▶ **Task brief**: Apart from the pictures, write out the records that follow exactly.

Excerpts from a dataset
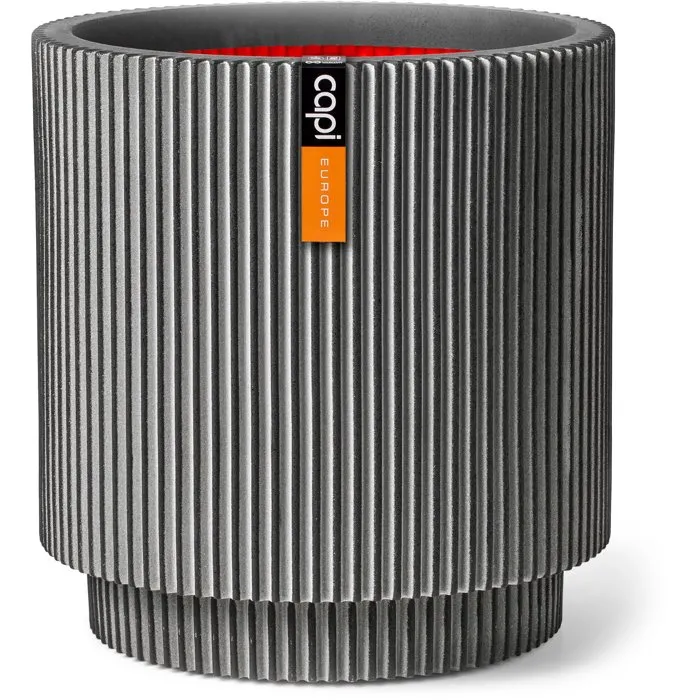 Capi Europe Vase cylindre Groove NL 36 x 38 cm - Anthracite - Design moderne pour intérieur et extérieur
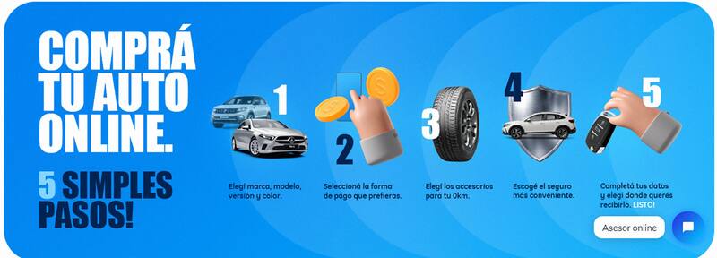Las marcas disponibles ya para comprar en el sitio para autos y vehículos comerciales son: Volkswagen, Jeep, Ram y Mercedes-Benz (autos, van, camiones).
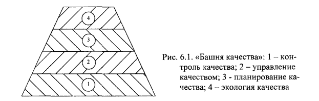 Современное предприятие, выходящее со своей продукцией на международный рынок, использует при достижении запланированного качества изделия элементы всех перечисленных выше систем управления качеством. Схематически это можно выразить в виде «башни качества» (см. рис. 1).
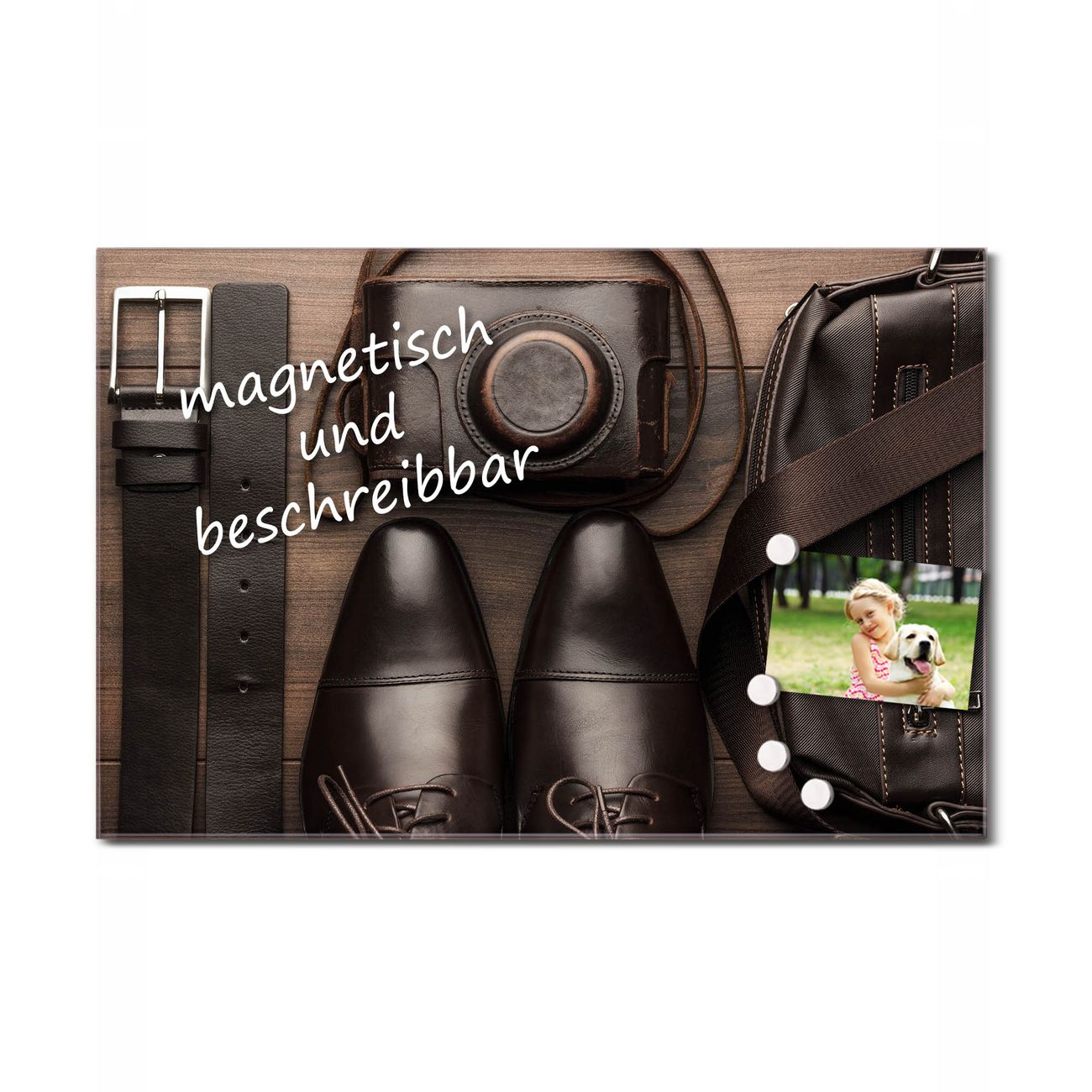 Glas Magnettafel im Querformat Herrenausstatter
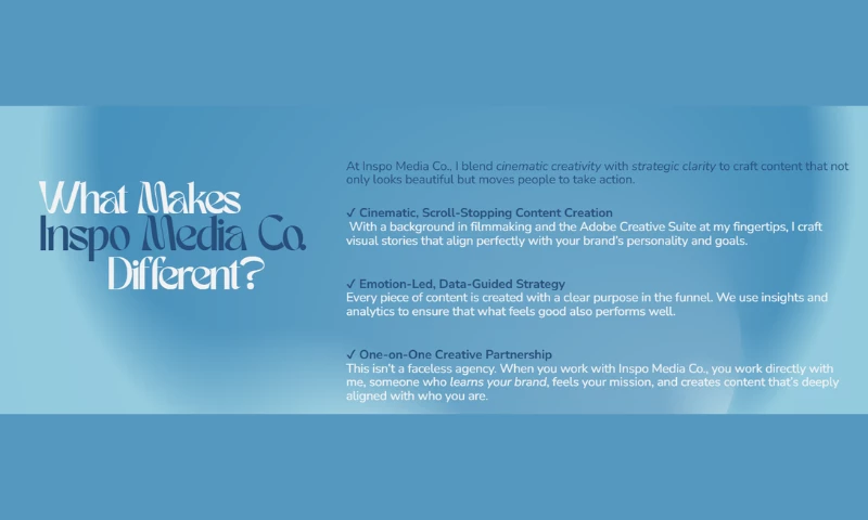 Founded on the values of soul over surface, cinematic precision, and scalable strategy, Inspo Media Co. is dedicated to empowering small businesses and creatives to build brands that leave a lasting mark not just online, but in culture at large.

▶ **Output of the exercise**:
 Capi Europe Vase cylindre Groove NL 36 x 38 cm - Anthracite - Design moderne pour intérieur et extérieur
Las marcas disponibles ya para comprar en el sitio para autos y vehículos comerciales son: Volkswagen, Jeep, Ram y Mercedes-Benz (autos, van, camiones).
 Современное предприятие, выходящее со своей продукцией на международный рынок, использует при достижении запланированного качества изделия элементы всех перечисленных выше систем управления качеством. Схематически это можно выразить в виде «башни качества» (см. рис. 1).
 Glas Magnettafel im Querformat Herrenausstatter
 Founded on the values of soul over surface, cinematic precision, and scalable strategy, Inspo Media Co. is dedicated to empowering small businesses and creatives to build brands that leave a lasting mark not just online, but in culture at large.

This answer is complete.